Recombinant Macaca fascicularis NADH dehydrogenase [ubiquinone] 1 subunit C2 (NDUFC2)

What is NDUFC2 and what is its primary function in mitochondria?

NDUFC2 (NADH dehydrogenase [ubiquinone] 1 subunit C2) is a critical component of Complex I (NADH:ubiquinone oxidoreductase) within the mitochondrial oxidative phosphorylation (OXPHOS) system. It functions primarily in the inner mitochondrial membrane where it plays a crucial role in facilitating proper Complex I assembly and activity . Complex I represents the largest complex of the mitochondrial OXPHOS system and is considered the major site of reactive oxygen species (ROS) generation within mitochondria .

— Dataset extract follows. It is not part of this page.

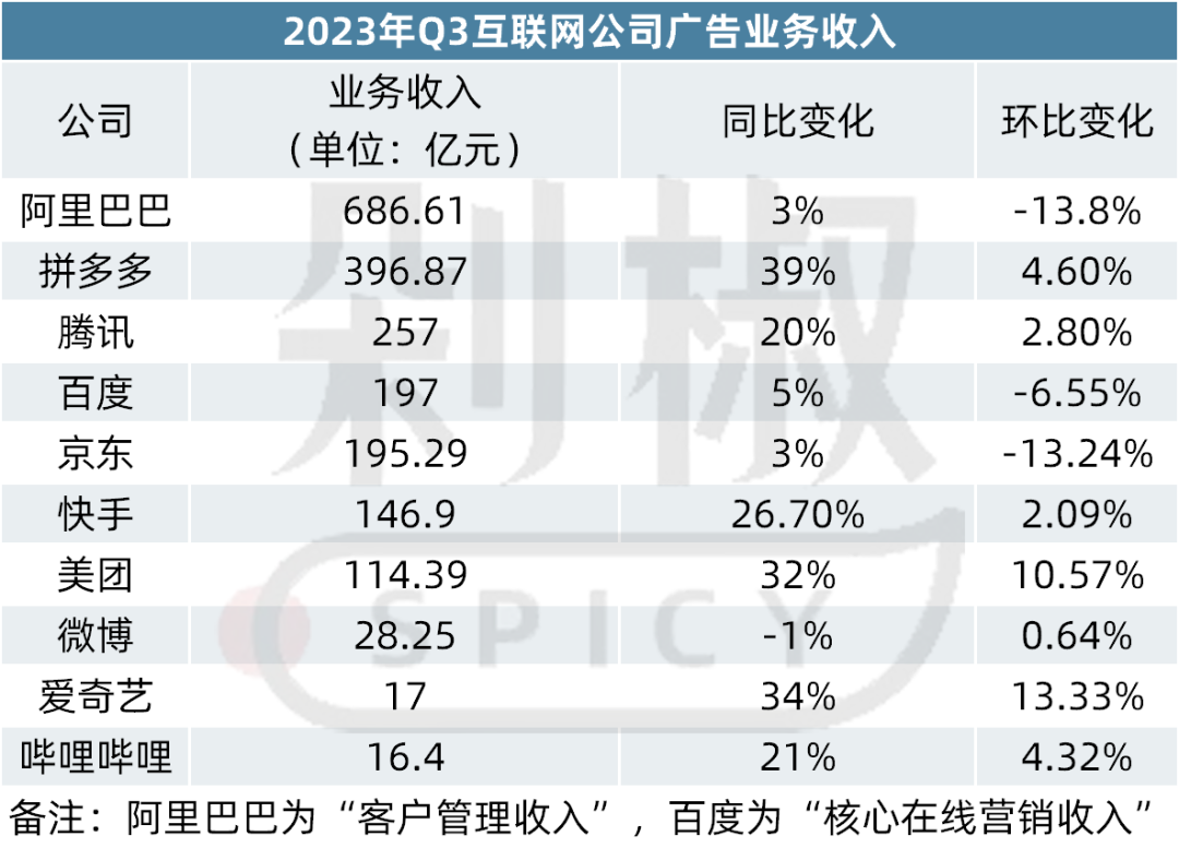 将拼多多财报放之经济增速放缓、互联网红利消失的大背景下,其涨势之凶猛确实足够惊人。即便在电商稍显冷淡的三季度,拼多多主要营收增长点——广告收入依然以同比39%的增速,在一众互联网大厂中稳居首位。

The protein is also known as CI-B14.5b (Complex I-B14.5b) and is strategically positioned in the membrane arm of Complex I, which enables its interactions with other subunits and facilitates electron transport across the mitochondrial membrane . Functionally, NDUFC2 contributes to energy production by helping maintain the electron transport chain that generates the proton gradient necessary for ATP synthesis.

What experimental systems are optimal for studying recombinant NDUFC2 from Macaca fascicularis?

The following experimental systems have proven effective for studying Macaca fascicularis NDUFC2:

• Cell Culture Systems:

  • Primary fibroblast cultures from macaque skin samples provide a physiologically relevant system for studying native NDUFC2 function

  • Heterologous expression systems using mammalian cell lines can be used for recombinant protein production

• Animal Models:

  • Knock-out rat models (such as the SHRSR_KO model) have been successfully used to study the effects of NDUFC2 deficiency on mitochondrial function and structure

  • Cynomolgus macaques themselves serve as important non-human primate models, particularly those from Mauritius which have a well-documented genetic background

• Biochemical Approaches:

  • Recombinant protein expression and purification for structural and functional studies

  • ELISA-based assays for quantification and interaction studies

• Genetic Systems:

  • Gene silencing approaches (siRNA/shRNA) can be used to study the effects of NDUFC2 reduction in cellular models

  • Genome editing techniques can be applied to introduce specific mutations identified in evolutionary or disease-associated studies

For optimal results, researchers should consider using multiple complementary approaches, as each system offers different advantages for investigating specific aspects of NDUFC2 biology.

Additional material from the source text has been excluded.